The failure mode I see most often: teams deploy LLM-as-judge and treat its scores as authoritative without validating that the judge is actually measuring what they think it’s measuring. The judge score improved by 11 points, so they shipped it. The judge says this is a good answer, so they’re done.
That works until it doesn’t. A judge that’s systematically biased toward longer answers will tell you your verbose, bloated system is better than your concise, accurate one. A judge that self-prefers will tell you nothing changed when you switched model providers.
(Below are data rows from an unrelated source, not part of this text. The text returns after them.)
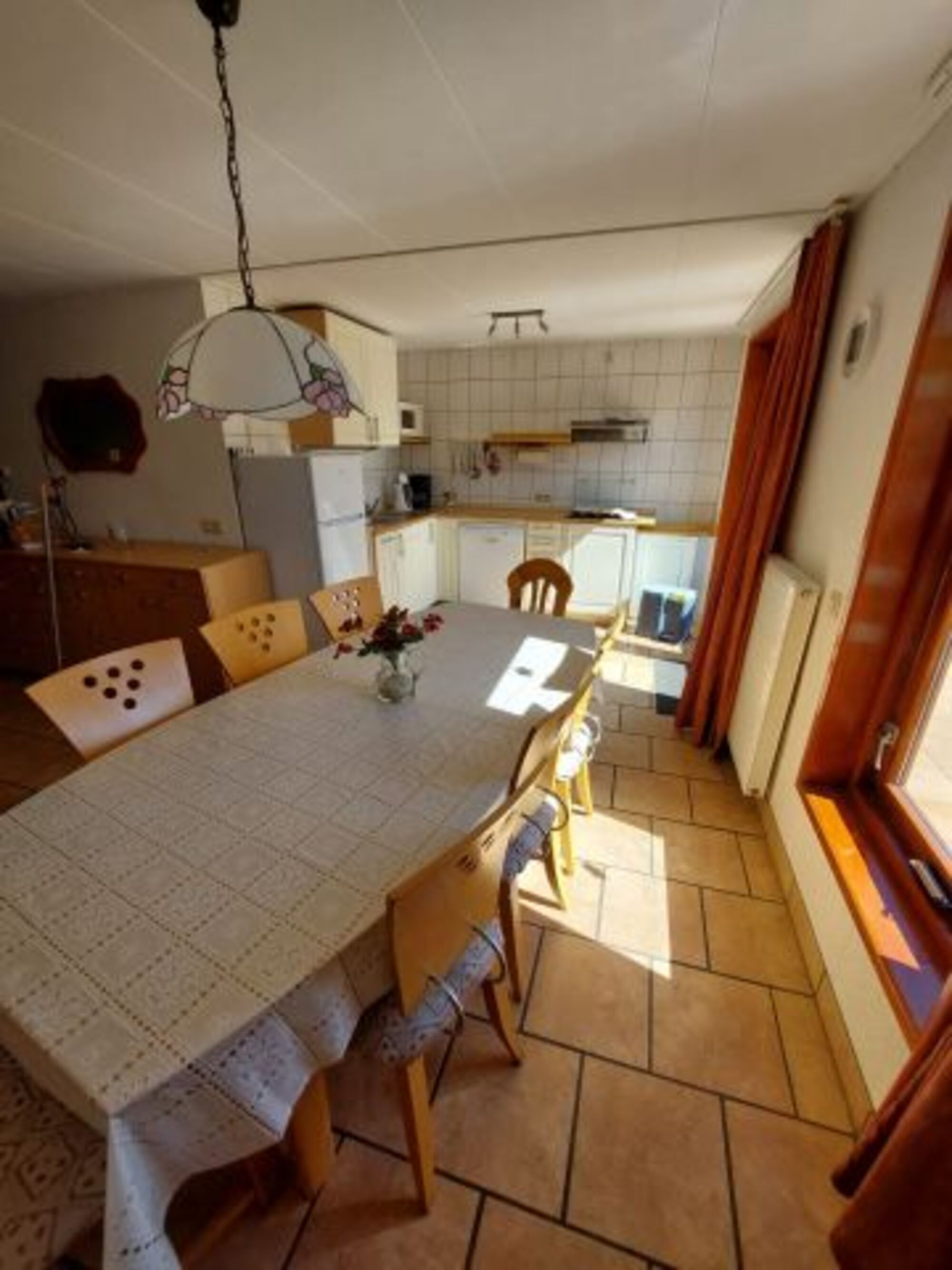 Die Einbauküche ist mit einem 4-flammigen Gasherd, Dunstabzugshaube, Einbaukühlschrank mit Gefrierfach, Spülmaschine, Mikrowelle, Minibackofen, Toaster und Kaffeemaschine ausgestattet. Ausreichend Geschirr, Gläser, Besteck u.v.m. sind vorhanden. Der Essplatz bietet mit einem ovalen Esstisch und 8 Stühlen ausreichend Platz.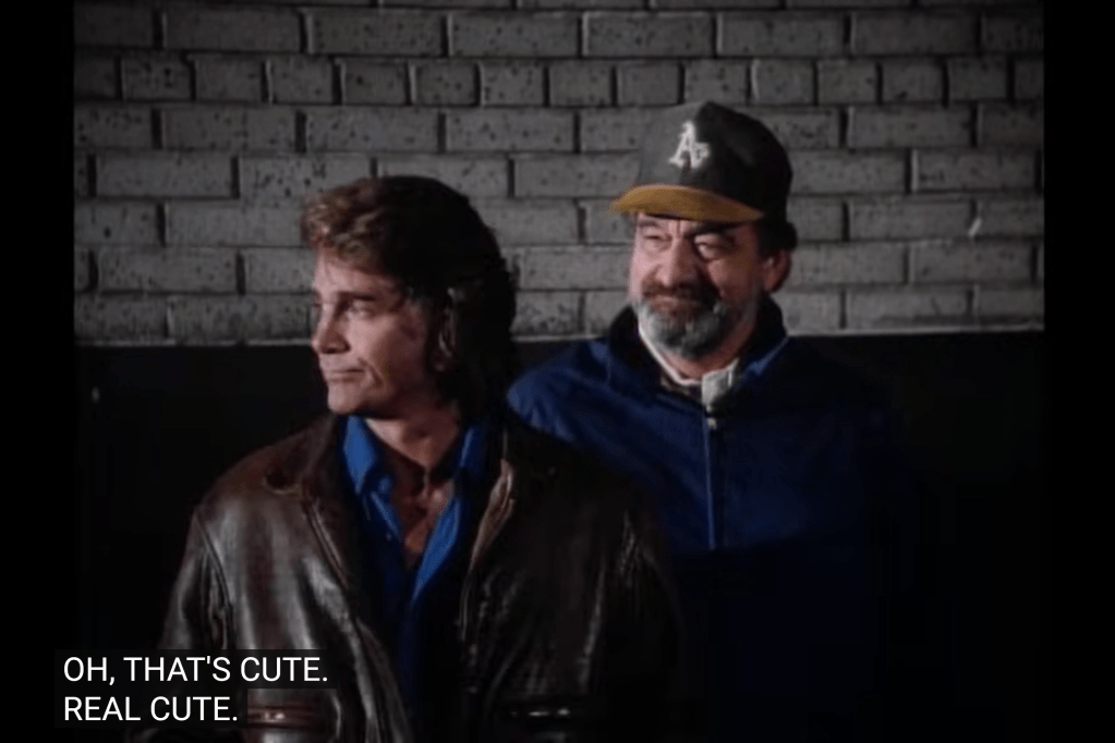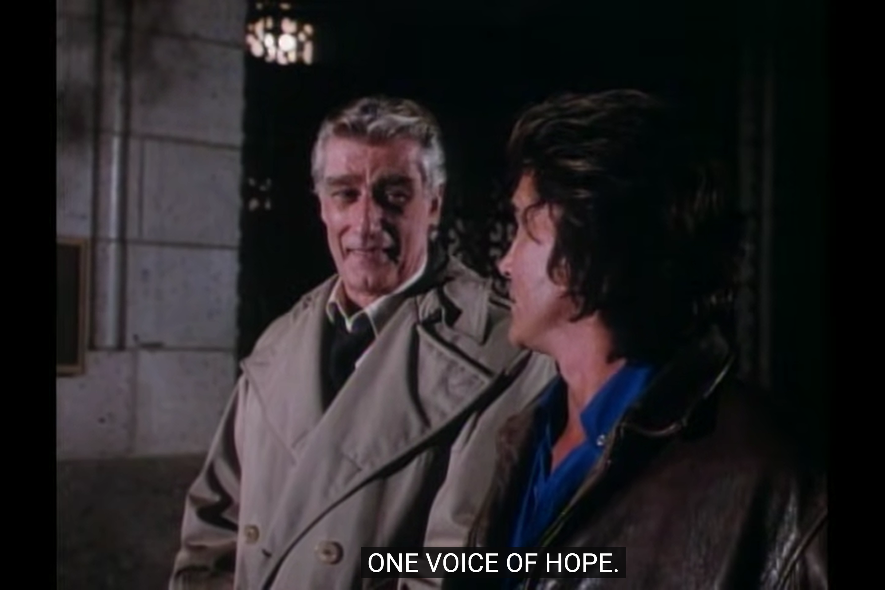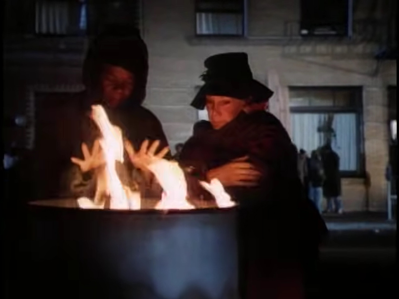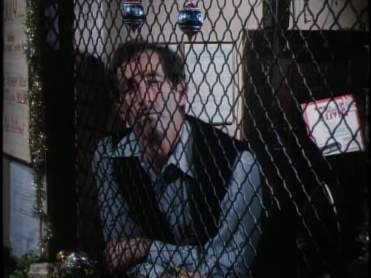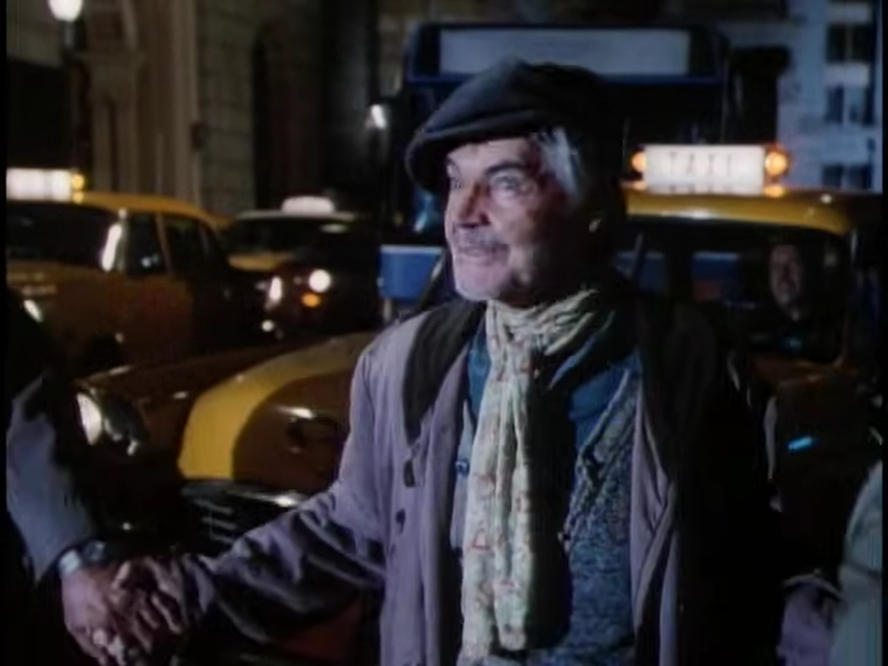 The part feels so off: Basinger is walking past the bums he met over the course of the episode, and yet he completely ignores them. As though they didn’t exist. Most importantly, who are these bums: like, the guy drumming on the wall is the same bum lined up for a bed at the shelter where Basinger took Jonathan and Mark earlier. And he had told Basinger that he was next in line and wouldn’t want to give it up for anything. But now, apparently, he’s there—and somehow he has walked all the way to Basinger’s workplace (even though, mind, Basinger had to move on Barney’s cab for the entire episode). And Basinger pays no attention to him. It’s as though that bum were invisible or something. Maybe he died at some point while waiting and is now a ghost that nobody can see or something. Or maybe he never existed in the first place, and he was just some hallucination. As though this entire episode were just Basinger’s hallucination.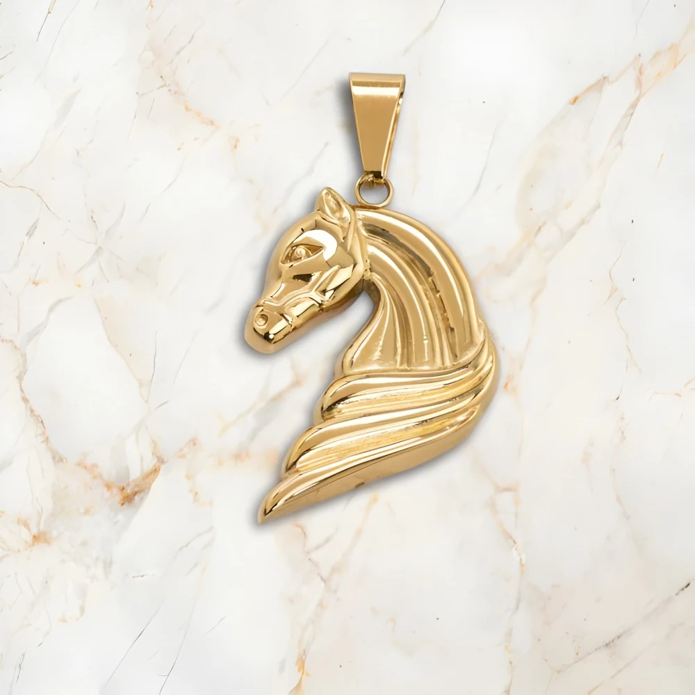 Dije con forma de cabeza de caballo elaborado en oro laminado 18k. Su diseño detallado y acabado pulido reflejan fuerza, elegancia y estilo, ideal para quienes admiran este símbolo de poder y libertad. Perfecto para usar con cadenas medianas o gruesas.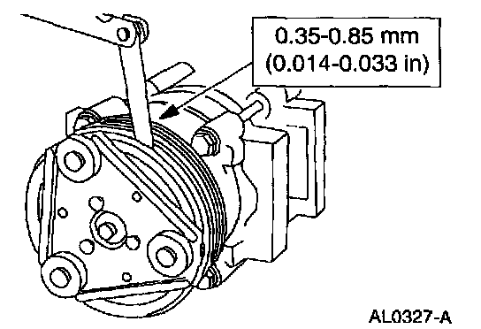 8. Measure and adjust the clutch air gap by removing or adding A/C clutch hub spacers.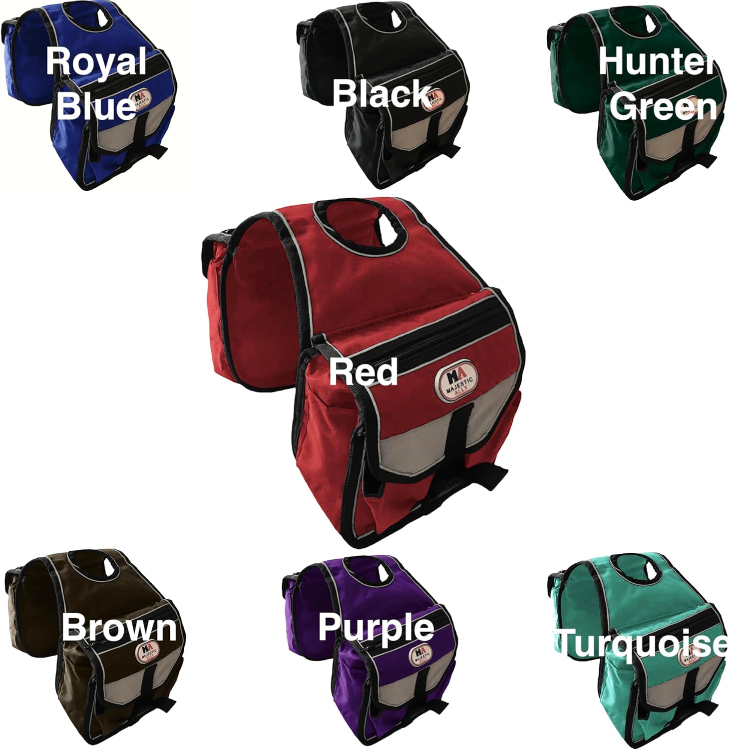 Experience unparalleled convenience on your equestrian adventures with the Majestic Ally Horn Bags. Meticulously constructed from double-stitched heavy-duty 1000-denier polyester, these saddlebags are a testament to durability and reliability. Designed with versatility in mind, the bags effortlessly fit large horn openings and hornless saddles, offering adaptability for various riding setups. The machine-washable feature simplifies maintenance, and the removable liners, requiring hand wash, ensure a thorough cleaning process. Each pocket, measuring 8"H x 8"W x 4"D, provides ample space for your essentials, making these bags perfect companions for long day rides. Additional 6"Hx3"W fabric pockets on each side allow convenient access to smaller items, while 6"Hx4"W mesh pockets cater to bottles or cans. The innovative design of the Horn Saddle Bag ensures it curves forward, staying clear of your legs during rides. It comes complete with a removable and washable insulated liner, a reflective padded pocket for added safety, and two extra side pockets designed specifically for bottle carriers. Ride with confidence, knowing your belongings are secure and accessible with the Majestic Ally Horn Bags, a fusion of practicality, durability, and thoughtful design for the modern rider.

Verify the checker before you trust it.
The practical setup
For a RAG system, here’s what the evaluation pipeline looks like when it’s working:
LLM-as-judge runs on all production traffic, sampled at a rate that’s cost-effective. It scores groundedness and answer relevance per query and writes to a metrics store. Alerts fire on statistical shifts — the daily groundedness average dropped 3 points — not on individual bad answers.
Human annotation covers a rotating sample of flagged outputs (low judge scores, user escalations, adversarial test cases) plus a fixed monthly holdout used to validate that judge scores are still correlating with human judgment.
The monthly holdout check is the one most teams skip. It’s also the one that catches drift in the judge itself — because the judge can get worse over time, either from model updates or from shifts in the production distribution that the judge wasn’t calibrated for. Run the check. If correlation degrades, don’t trust the judge until you know why.